Google starts testing voice payment. Can you really pay with your mouth?

With the advancement of technology, the means of mobile payment have been changing with each passing day. From the cumbersome password input in the early days, there are now more convenient and secure fingerprint and face recognition. However, voiceprint recognition, which is now very common on smartphones, is rarely used in the payment field. Recently, there is news that Google has begun to implement this voice payment function in its products, which allows users to pay with their mouths.

According to relevant media reports, Google is currently testing a new feature that will allow consumers to use Voice Match to authorize and confirm payment. Google also confirmed that not all purchases will provide voice recognition, and at this stage this feature is only applicable to in-app purchases and restaurant orders, not Google Shopping.

[[328224]]

According to the report, this voice payment function was originally planned to be released at this year's I/O developer conference, but due to the epidemic, it had to skip the release and start testing directly. Currently, in the payment interface of Google Assistant, you can see the option of "Confirm with Voice Match".

In fact, voice payment technology is not new, and is even older than natural language processing (NLP) that voice assistants rely on. Yes, although both voice payment and natural language processing are related to voice, there is a world of difference between the two. The essence of voice payment is voiceprint recognition, but voiceprint recognition is obviously not equal to voice recognition.

Sound wave transmission is a data communication mode that uses sound as a transmission method. For example, the process of speaking can be understood as the process of encoding signals into sound.
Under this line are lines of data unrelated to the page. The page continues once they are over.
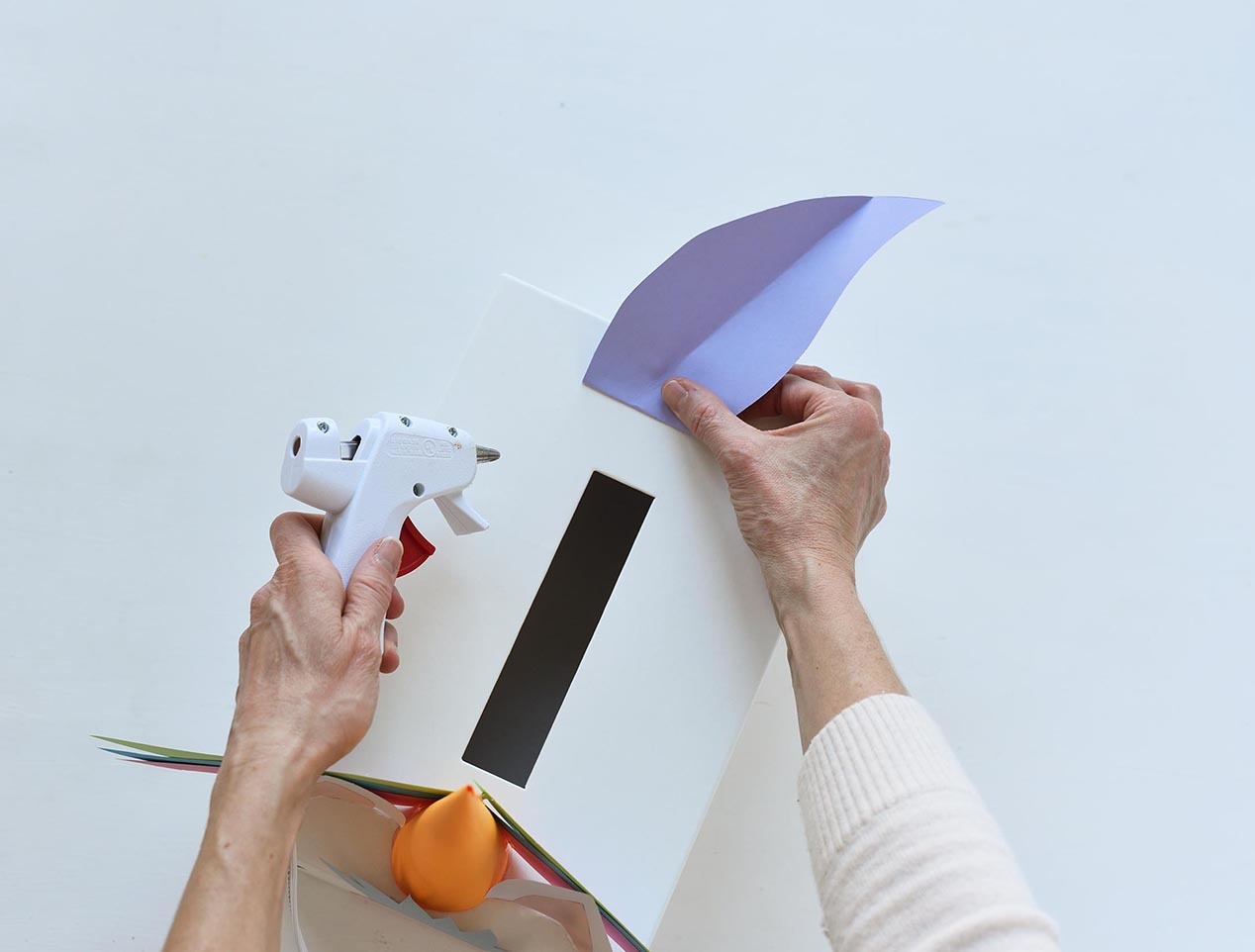 Glue the horn onto the top of the box using the hot glue gun. Adhere the ear pieces (glue the pink smaller ear pieces to the larger white ear pieces and fold in the middle slightly) on either side of the horn. Glue the mouth, eyes and hair using a glue stick.
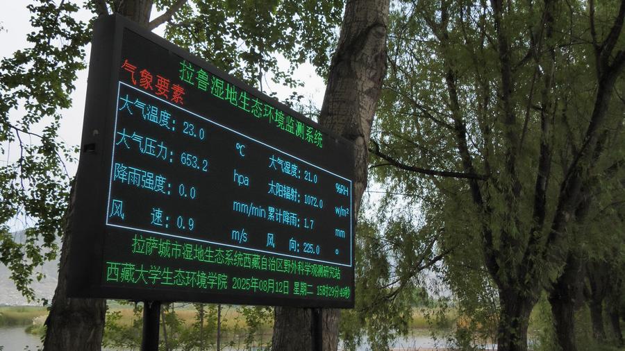 拉魯濕地國家級自然保護(hù)區(qū)南門內(nèi)的生態(tài)環(huán)境監(jiān)測系統(tǒng)顯示屏,實(shí)時(shí)顯示濕地內(nèi)的氣象要素、土壤和水環(huán)境、植被指數(shù)等數(shù)據(jù)。新華社記者 黃智琪 攝
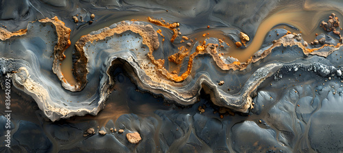Fototapeta premium A close-up of nature tidal flat mud patterns, the intricate designs created by the tides captured in stunning detail

The process of listening is the process of decoding audio signals into language and text. The correspondence between the Chinese characters and pinyin used is actually equivalent to the audio protocol.

However, voiceprint recognition is a personal recognition, which requires extracting the voiceprint characteristics in the voice to determine who is speaking, that is, to solve the problem of "who is speaking". Speech recognition is a common recognition, which determines the content of the speech and solves the problem of "what was said". Obviously, the most important thing in voice payment is to determine who is the person who issued the payment command.

Since the size and shape of each person's vocal organs are unlikely to be exactly the same, these differences also lead to changes in the vocal airflow, which in turn produce differences in voiceprints. That's why we can "hear the voice before seeing the person" and judge the identity of the voice owner through timbre, pitch and speaking habits. Similarly, we can use algorithms to extract obvious, abstract and high-dimensional voiceprint features from voice information, and use deep learning to train the model, and then use unique biological features to prove the proposition of "I am myself".

In fact, the process of using voiceprint recognition to complete voice payment is very simple. The user sends a sound wave with a certain command, and the terminal device obtains this sound wave and converts it into a session, and sends the specific product information and transaction number to the Google backend. After matching the voiceprint information on the server side, the transaction operation can be started, and finally the information of the completed transaction is pushed to the Google voice assistant.

Before Google confirmed that it was testing voice payment, Amazon had already begun allowing users to pay bills on its Alexa last fall using voice commands. Once the user approves the transaction using something like "Alexa, pay my mobile bill," Alexa will use Amazon Pay to pay the bill amount and send a confirmation via the user's registered mobile phone number. In addition, Tmall Genie in the domestic market has also long been able to use voice payment. According to data released by Alibaba, during the Double 11 period last year alone, a total of 1.05 million orders on Tmall Genie were successfully paid by speaking.

However, what Google wants to achieve is obviously not just using voice payment on its own Google Home smart speaker, but is aiming at smart voice assistants that are more applicable to a wider range of scenarios. But what Google can think of, can't Amazon and Alibaba think of it? Fully integrating voice payment on smart voice assistants will undoubtedly greatly improve the user experience. After all, compared with face and fingerprint recognition, voiceprint recognition is much more convenient.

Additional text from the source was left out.